USD/JPY Seen Remaining Bid Despite BoJ Intervention Threat
- USD/JPY pulled back aggressively from earlier highs around 145 to around 143 on Wednesday amid the threat of BoJ intervention.
- The BoJ, which acts on behalf of the Japanese MoF regarding intervention, reportedly conducted “rate checks”.
- Analysts see intervention as unlikely, and any intervention-induced USD/JPY dip to be bought into anyway.
BoJ Conducts “Rate Check”
Headlines during Wednesday’s Asia Pacific session suggesting that the Bank of Japan is taking steps that could precede outright FX market intervention to prop up the value of the yen triggered a reversal lower in USD/JPY, with the pair now trading around 143.0 after earlier probing the 145.0 area.
The BoJ reportedly conducted a “rate check”, which means it asked Japanese FX dealers for direct prices ahead, a step it has taken in the past ahead of direct market interventions. When it comes to FX market intervention, the BoJ acts at the behest of the Japanese Ministry of Finance.

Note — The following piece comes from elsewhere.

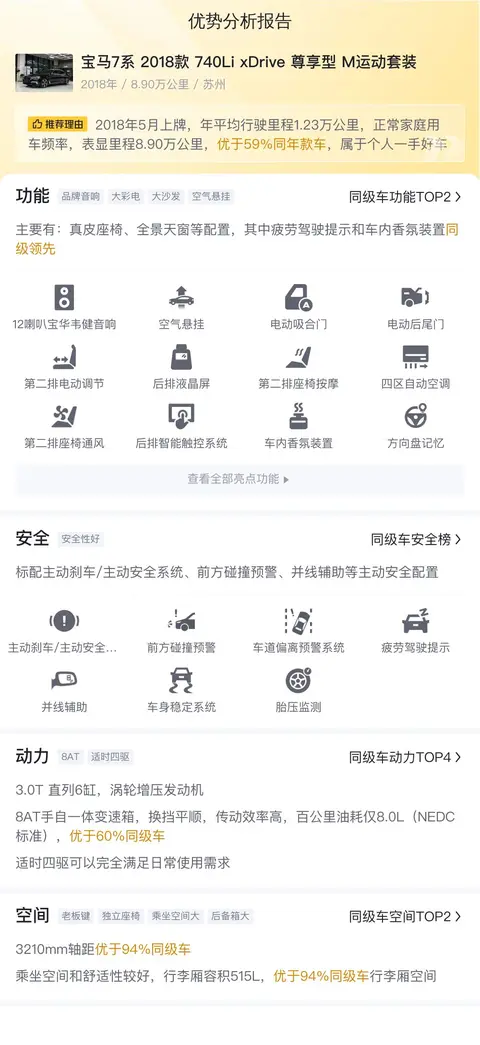 宝马7系2018款740Li xDrive尊享型M运动套装的10年平均用车成本是23255元/年,和同级别车相比处于适中水准。看到这儿咱车友可能就要发问了,车买回家以后的用车成本怎么样?开的时间长了会不会比别的同级别车型成本更高?这一块儿咱懂车帝也替咱车友想到了,同样是一样大数据分析,全国所有在售同款车型的用车平均成本明明白白的展示在咱车友面前,咱车友一眼就能看出来自己心仪车型的后期用车成本大体在什么水平,后期用车成本心里有底了,车嘛,不就图个省心省事儿?咱懂车帝这是真真切切的为咱消费者考虑呀!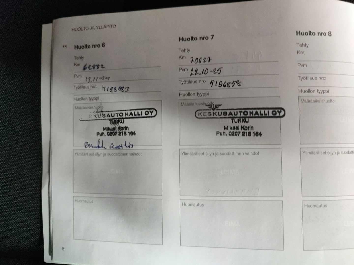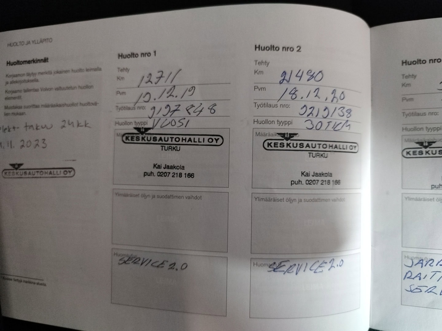 • Täydellinen merkkiliikkeen huoltokirja

Japanese Finance Minister Shunichi Suzuki on Wednesday told market participants that any intervention would not be announced in advance, and would likely not be confirmed in its aftermath. Suzuki and other Japanese officials have been jawboning about the negatives associated with excessive yen weakness in the past few days as USD/JPY has pushed to fresh multi-decade highs.

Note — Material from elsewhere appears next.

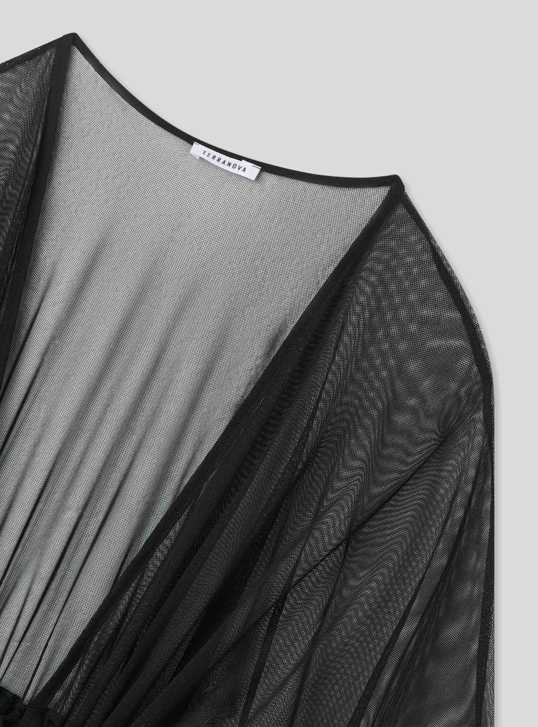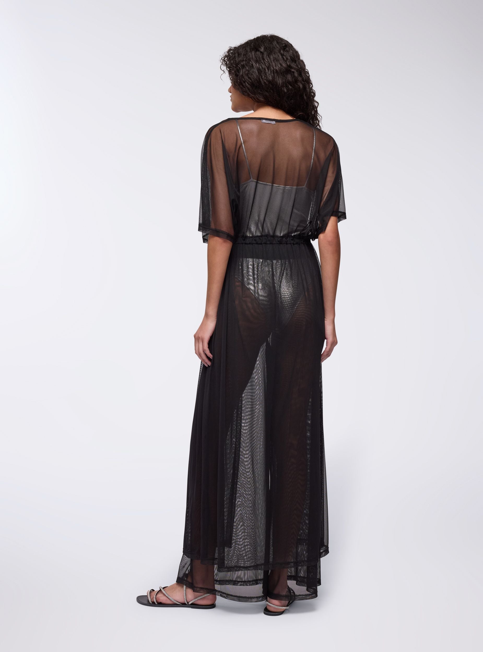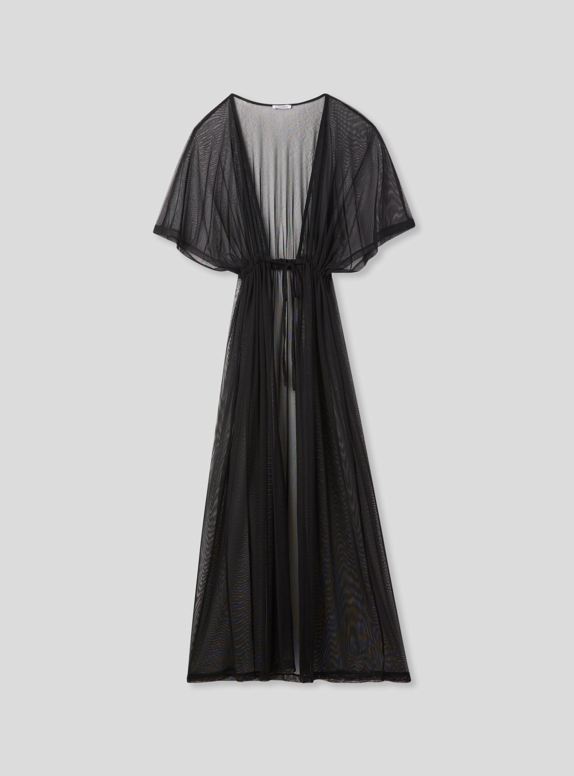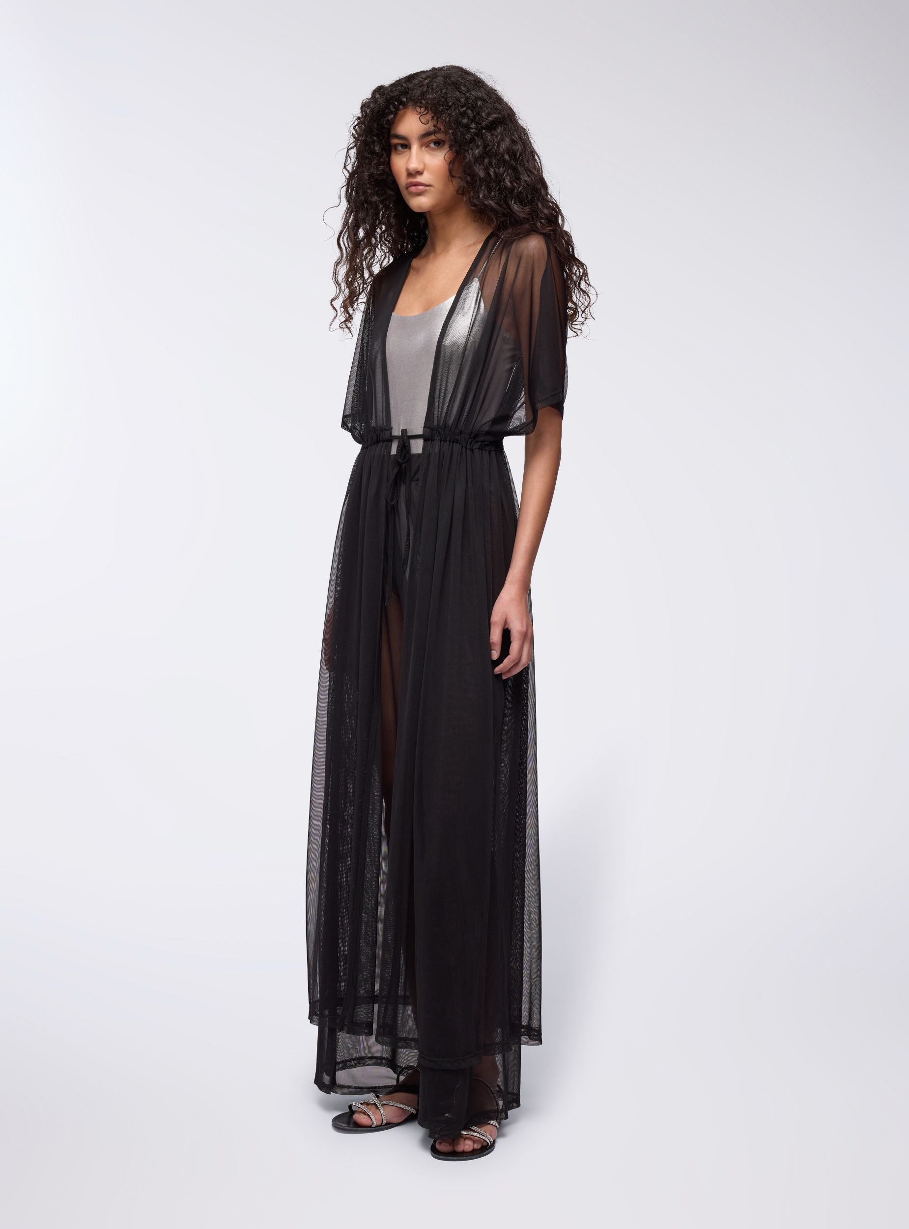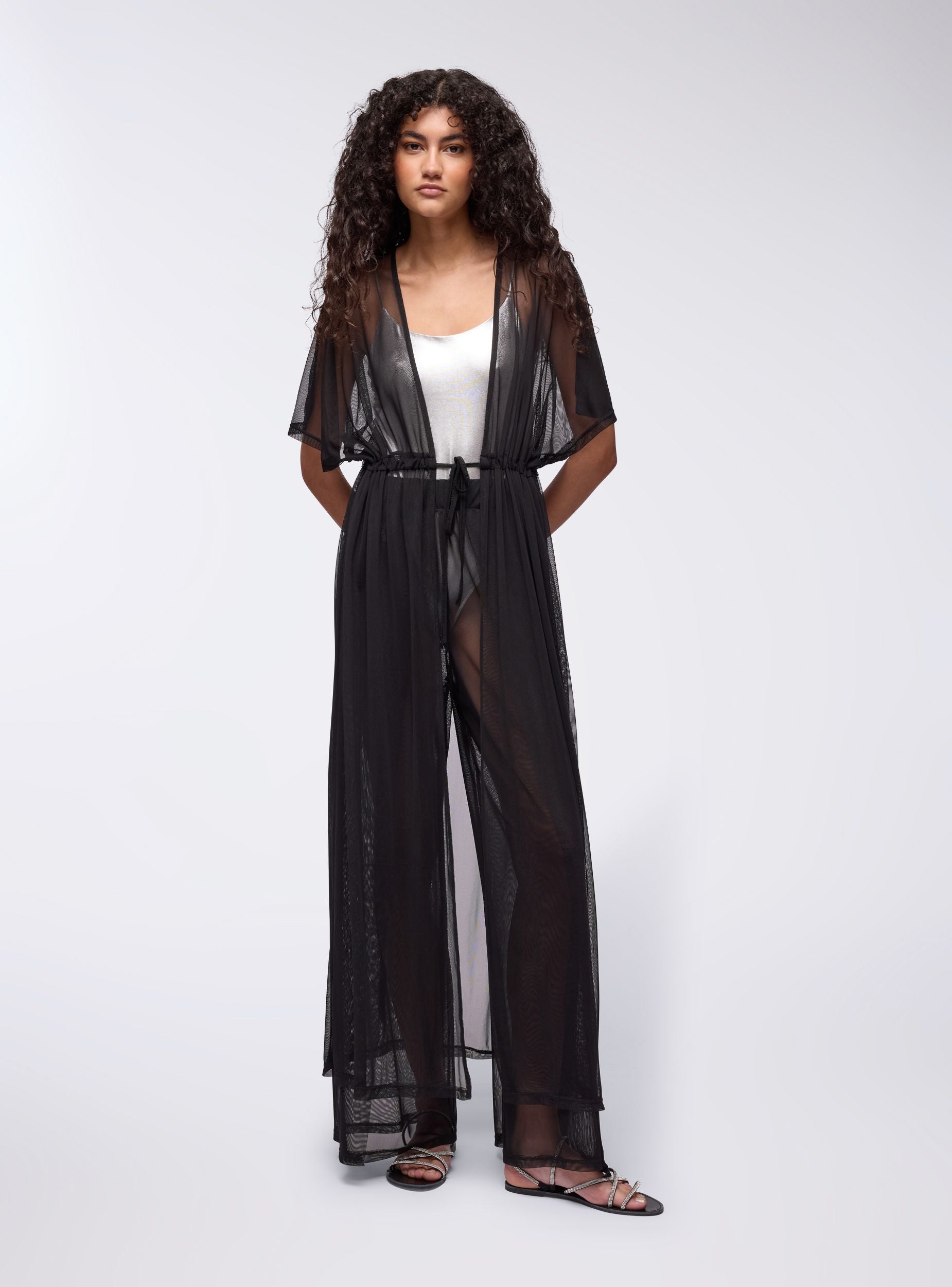 Дълго дамско къфтанче, перфектно за носене над бански костюм за елегантен и женствен плажен вид. Полупрозрачният дизайн с широки ръкави и свободен силует придава лекота и движение. Талията е подчертанa с регулируема връзка. Идеално за басейн, море или аперитив при залез с сандали и очила.

Normally, a weaker yen is viewed as favorable by authorities given the associated boost to Japanese exports. But given the extent of the yen’s decline this year (around 30% versus the US dollar) and the surge in global energy prices, yen weakness is hurting Japanese businesses and consumers.
The yen has underperforming its major G10 peers this year as a result of the BoJ’s continued commitment to its ultra-dovish policy stance at a time when other major central banks like the Fed, BoE and ECB have been aggressively raising interest rates to curb rampant inflation. This has triggered a significant widening of G10 (ex-Japan)/Japanese rate differentials, battering the yen.

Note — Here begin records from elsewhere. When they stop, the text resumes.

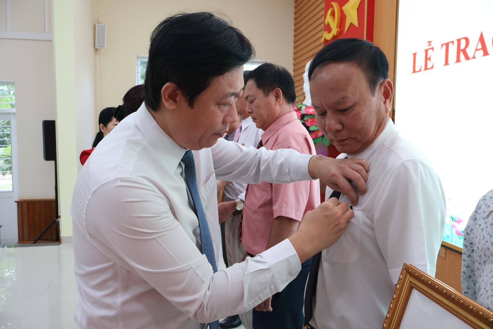 Lãnh đạo xã trao huy hiệu đảng cho các Đảng viên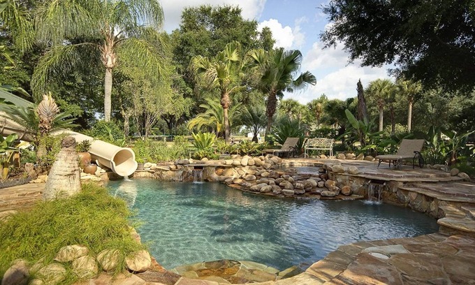 Its lazy Southern style porches are complemented by over-the-top luxuries and eccentricities like carousel horse rides, indoor and outdoor billiards tables, game rooms, video arcades w/ full-sized game machines, air hockey, foosball, table tennis, horseshoes, tetherball, private mini golf, extensive mural work, fairy tale theme, indoor AND outdoor movie theaters, hot tubs, playgrounds, a water park-style slide into a lagoon themed waterfall pool, a 2 story indoor slide into a recreation room, and so much more!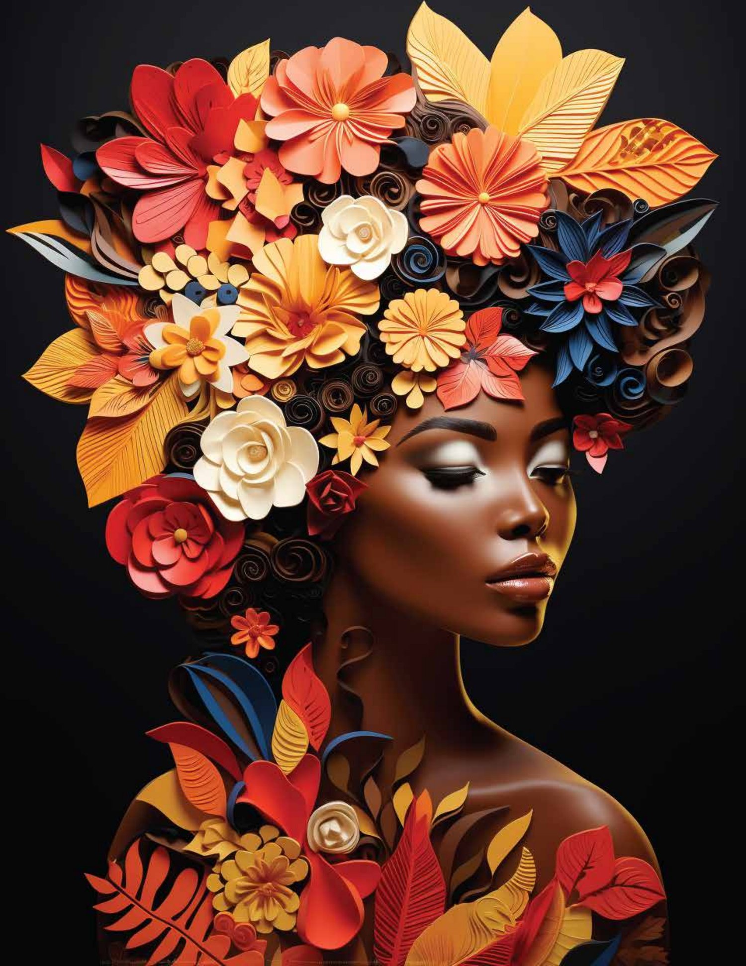Nubian Queen in exquisite Floral Portrait Coloring Pages

Intervention Viewed as Unlikely
Analysts noted on Wednesday that, given Japan is a signatory to the G7 and G20, and as such has signed policies about refraining from FX market intervention, direct intervention remains unlikely.
“My feeling is that the MOF won’t intervene at this stage and will leave it at verbal warnings,” said the chief economist at the Tokyo-based Norinchukin Research Institute, according to Reuters. “There’s still a week before the Fed’s rate-setting meeting… I don’t think markets believe the ministry will intervene at current dollar/yen levels,” the chief economist said.
Further verbal warnings could come directly from BoJ Governor Haruhiko Kuroda and his colleagues at next week’s BoJ meeting. The bank is not expected to signal any intentions to deviate from its ultra-dovish policy stance of rates at -0.1% and continued yield curve control.
USD/JPY to Remain a Buy on Dips, Even if BoJ Intervenes
“Were there BoJ FX intervention, Japanese authorities could easily sell around $5bn… That could trigger a brief dollar correction,” said ING analyst Chris Turner in a note on Wednesday. “However, the dollar is up here for good reasons and we would expect the macro hedge fund community to be happy to buy dips on any 2-3% correction in USD/JPY,” he added.